Our study had several other limitations. For example, because of the drawbacks associated with the available key data sources that informed the model inputs on the effectiveness of early intervention, our findings may have reduced generalizability. We may have underestimated hospitalization costs because we relied on Medicaid data (because these data were available) instead of Medicare or private insurance data. Our transition probability for employment came from an estimate of employment or school enrollment in early intervention versus treatment as usual (
6); therefore, this calculation may have overestimated employment in this population. As with all model-based, cost-effectiveness analyses, our study required combining data from various sources. Our literature review revealed a paucity of important data for early intervention in psychosis.

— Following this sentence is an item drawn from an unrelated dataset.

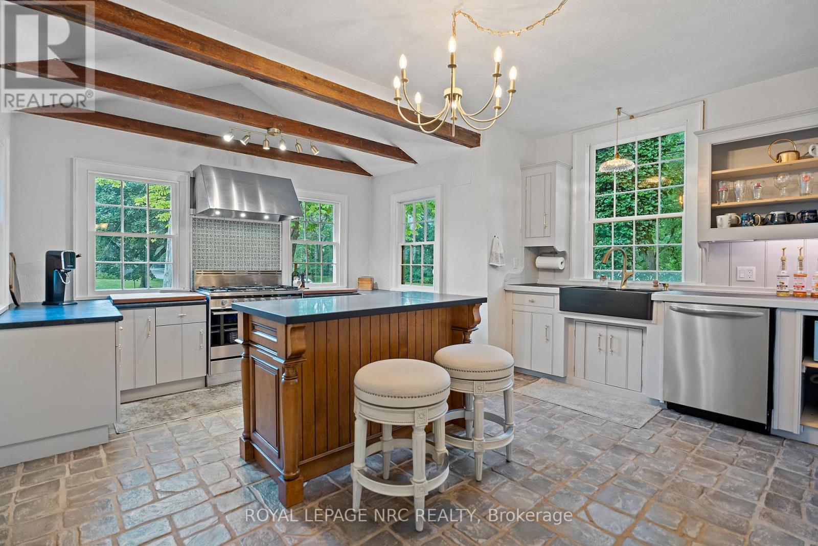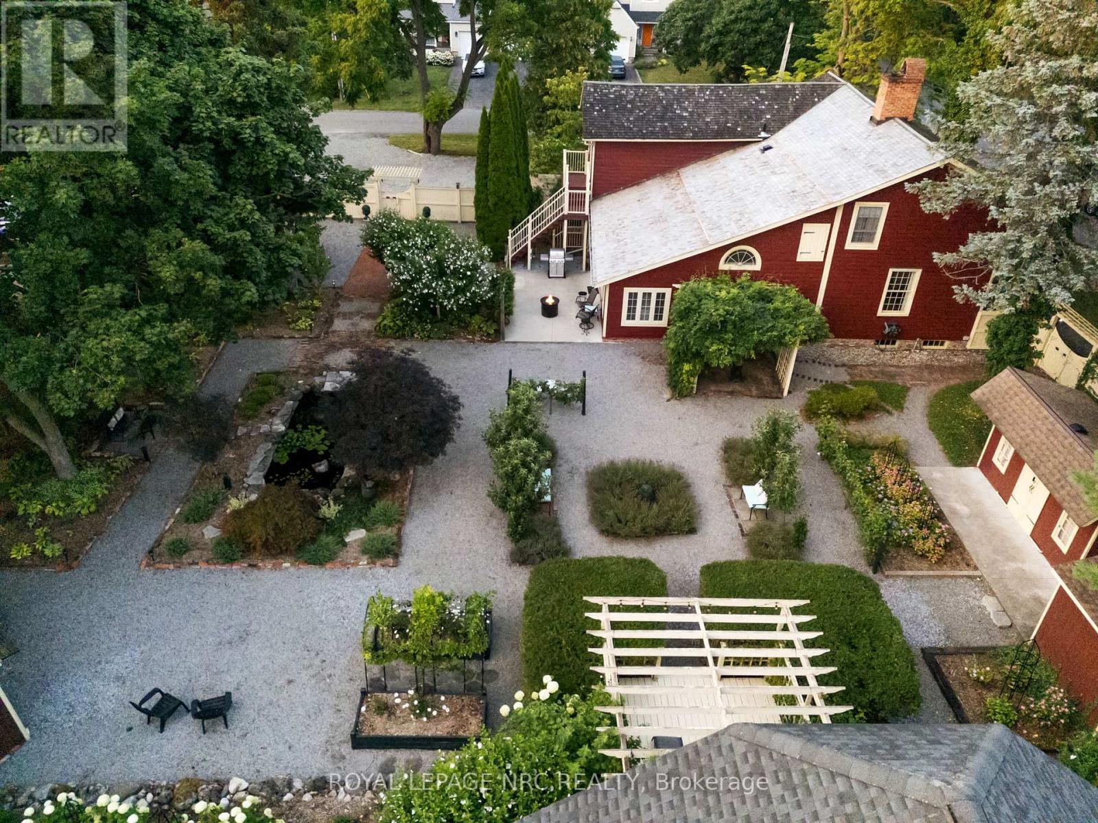 Step into The Schoolmasters House, a beautifully preserved c.1818 residence that blends historic charm with modern comfort in the heart of Old Town Niagara-on-the-Lake. Set on a generous 144 x 104 ft lot with landscaped gardens and a tranquil fish pond. With four bedrooms, three of which include private ensuites, and two additional full bathrooms, this former Bed and Breakfast is ideal for extended families, home office, or rental use. Several bedrooms feature private entrances, making them perfect for guests or short-term stays. Original wide-plank wood floors run throughout the home there is no carpet while four wood-burning fireplaces and a gas fireplace add warmth and character to every space. The main floor includes a spacious primary bedroom with ensuite, a second full bathroom with a deep soaker tub, laundry, and a large family room that also offers space for a home office or hobby area. The chefs kitchen is outfitted with a professional gas stove, abundant prep surfaces, and generous storage. Meals can be served in the formal dining room or enjoyed casually at the large island with breakfast bar. Upstairs, you'll find two additional ensuite bedrooms one with private stairs and an exterior entrance alongside a fourth bedroom, another full bath, and a cozy sitting area. This multi-generational, multi-family home offers exceptional flexibility and income potential. The home also includes powered workshops, a garden shed, and a garbage shed. Major upgrades include a new cedar roof on the front (2021) and rear (2024), and updated furnace and central air in 2017. A heritage grant is available to assist with roofing on the addition along Gage Street. This is a rare opportunity to own a piece of Niagara-on-the-Lakes history, with timeless character and modern convenience just steps from the shops, dining, and charm of Old Town. (id:64974)

However, a recent meta-analysis by Correll et al. (
6) provided well-powered estimates for employment and hospitalization rates for patients in early intervention and standard care, which were included in this analysis. The authors included studies from North America, Europe, and Asia. Although the Correll et al. study provides the best available evidence for early intervention leading to a variety of improved outcomes, it may not accurately represent these outcomes in the United States, which was the focus for our study. In practice, when input assumptions are needed for a decision-modeling analysis but are unavailable in a specific country context, the necessary values may be borrowed from neighboring countries or settings with similar characteristics (
15). Typically, these parameters are then varied in a sensitivity analysis to identify threshold values based on relevant cost-effectiveness criteria that would result in no differences among strategies; decision makers can then interpret how plausible these threshold values are for their setting.
Important data gaps remain regarding incarceration, homelessness, caregiver time and productivity costs, social assistance rates, and annual wage earnings for people living with psychosis. Access to these outcomes for early intervention and standard care clinical strategies would provide an opportunity for more comprehensive cost-effectiveness analyses. Until then, decision-analytic models such as ours can synthesize the existing information to inform policy decisions regarding the value of early intervention for psychosis.
Another limitation was our assumption regarding long-term suicide, hospitalization, and employment rates across the life span for patients in this model, namely, that these rates remain constant year to year. We made this assumption for two reasons. First, annualized rates for these outcomes over the life course do not exist. Second, we assumed that early intervention services are not time limited for young adults who later exhibit schizophrenia and other primary psychotic disorders. We assumed that individuals receive psychosocial support in the form of case management across their life span and modeled lifelong treatment costs accordingly.
We chose to build our model with these assumptions because studies have shown that the long-term benefits of early intervention in psychosis all but disappear at 10-year follow-up, likely because of the lack of long-term, follow-up care (
26). These clinical findings combined with this model-based, cost-effectiveness evaluation speak to the importance and economic necessity of long-term support for individuals living with psychotic disorders.